Friday 16 March 2012

Christian Commodity

Response to http://zhzgsmc30512.blogspot.com/2012/03/how-about-playing-video-games-with-god.html

Until last week I had no idea that there existed video games explicitly designed for a Christian audience, as you mention in your blog, why now? Could it be because of the games like Call of Duty, that are first person shooter games that there seems to have an obligation to produce Christians games that instill Christian moral values. As you mention it is the commodification of Christianity and it stipulates the question of agency that was postulated by Douglas E Cowan. That one cannot have an avatar of Jesus because of the complex and personal relationship one feels toward their avatar, a feeling that is allows one to become that avatar while they play. This cannot happen. Going back to the question of the commodification of Christianity. Although a little unrelated to video games, is the comodification of Christianity in fashion, more particularly of the “Saint Bracelets” that came out a couple years ago.

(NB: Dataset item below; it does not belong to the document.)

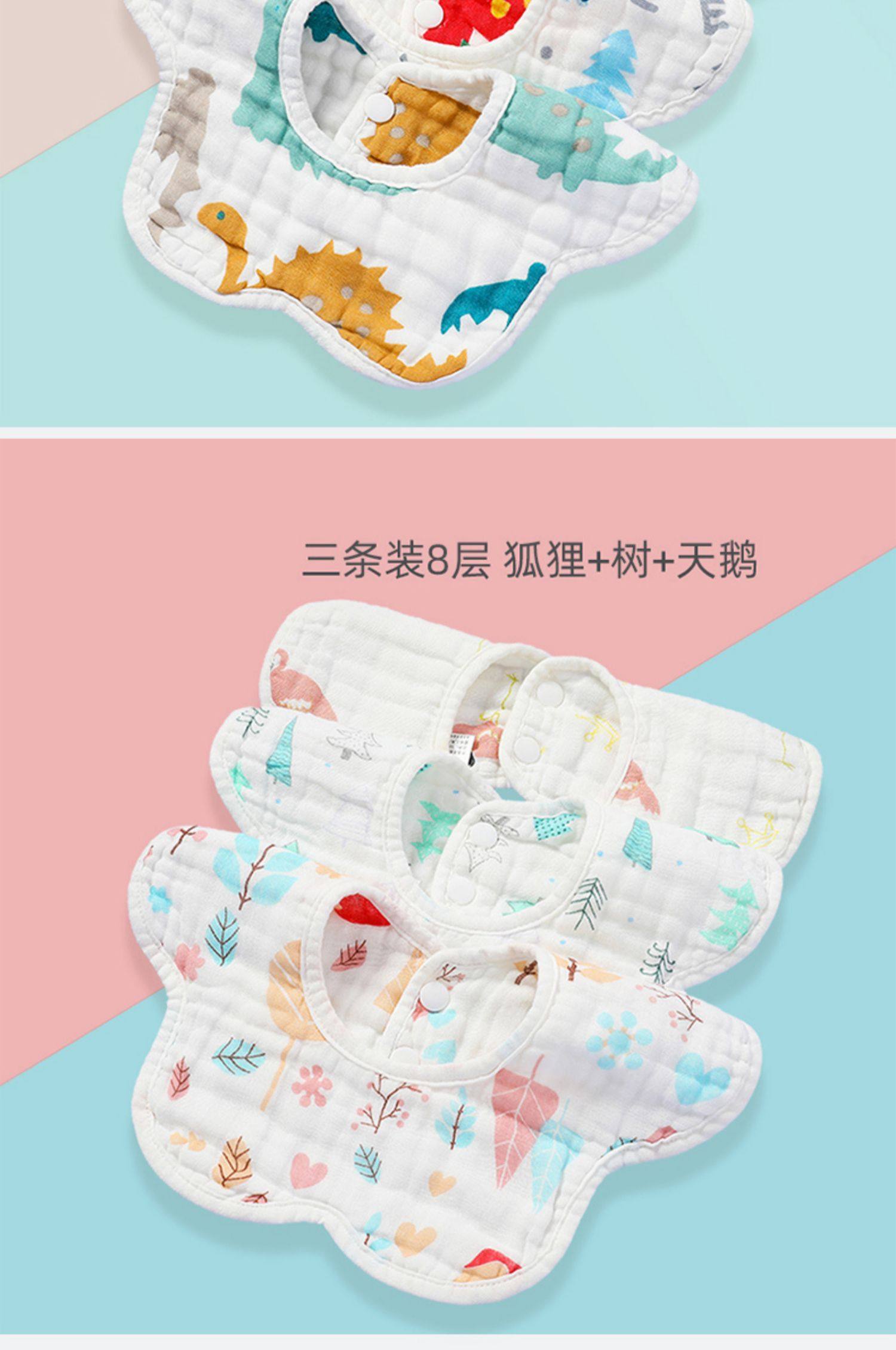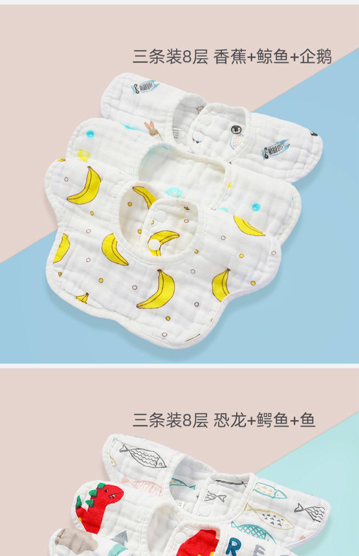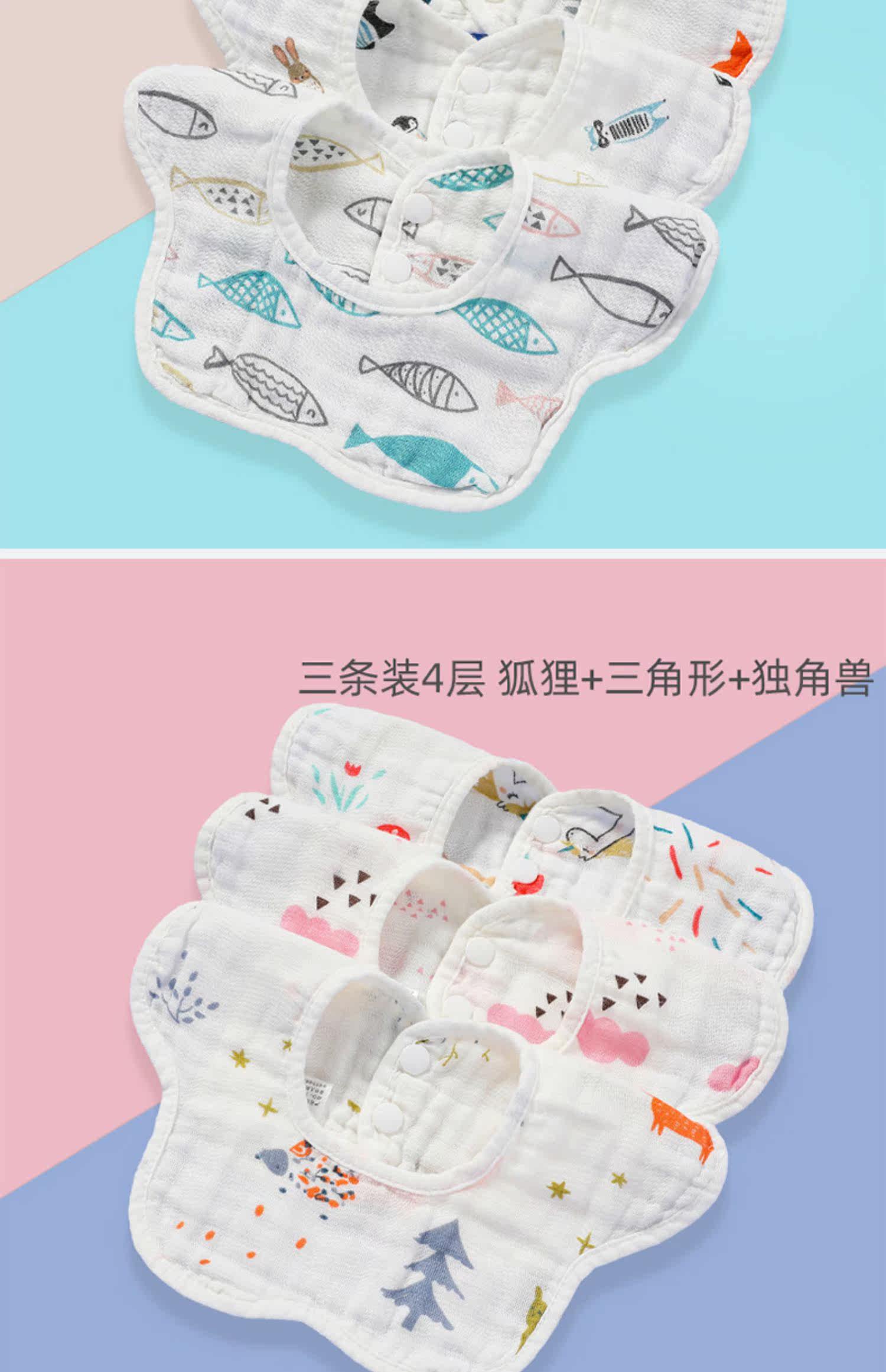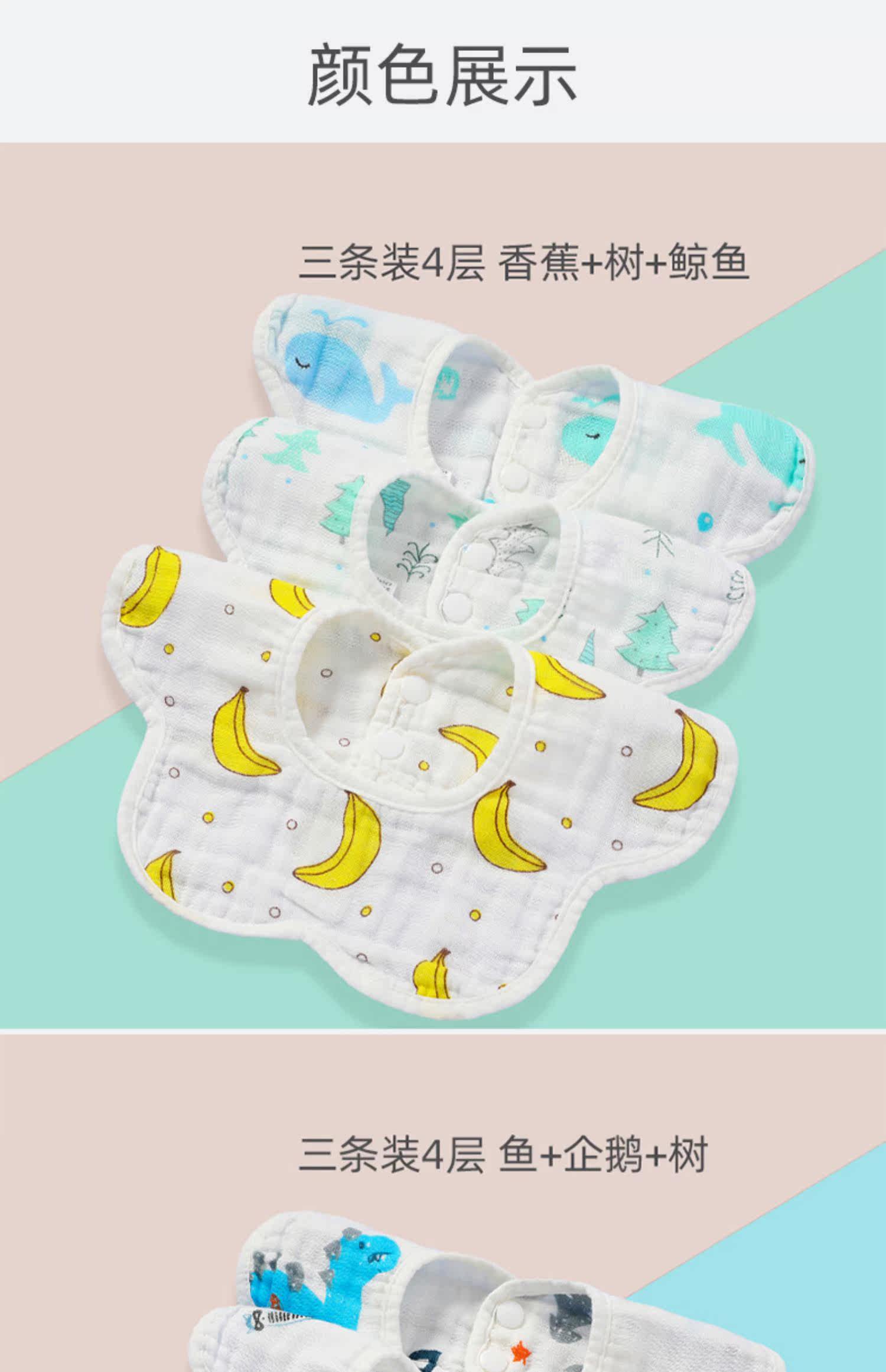 超低价,三条装,柔软,瞬吸,360°围嘴,0荧光剂,4层棉纱更吸水,耐洗,吸水力强,瞬间吸收,零荧光剂,给宝宝好的。不要错过。

 I had first seen these bracelets in El Salvador a few years before, but perhaps I was blind, but from one day to the next it felt that everyone on the Saint Michael’s Campus and Victoria campus, and outside of school started wearing them, men and women. They came in different shades of wood, with different saints on them. People I knew who were not Christian at all began wearing them, saying they were “trendy.”  I’m not sure how trendy they are today, but I assume they are still around. This emphasizes the question, since when did Saint become trendy? Do you have to be Christian to wear it, clearly you don't. The image of saints no longer resonate with the same efficacy as before. It no longer becomes a statement that your Christian, but that your in the know how of what is "in" and what is "not." I never would have thought that saints could be in or out, could this over commodification render certain iconic images like Jesus and Saints as obsolete?  I don't think so, they still have their inherent value that those of faith place upon them. The role of fashion has within Religion, has always been present, however today the role the of fashion has played a different role in the commodification of Religion, from T-Shirts, to run way high fashion couture that push the boundaries and experiment with the limits of those of faith and of society with the integration and religious symbolism in their designs.
Jean Paul Gaultier Haute Couture s/s 2007


For those of you who don’t follow the fashion world, on a more local level, Forever 21 also produced T-Shirts that had "believe"on them and even at the bottom of their bag there is  John 3:16. “For God so loved the world that he gave his one and only Son, that whoever believes in him shall not perish but have eternal life.”



A quote that has been used as we saw in Sports. This comodification of Christianity in fashion  ask the questions can one wear these clothes even if they do not believe just because it is popular and trendy and goes oh so cute with those red pumps?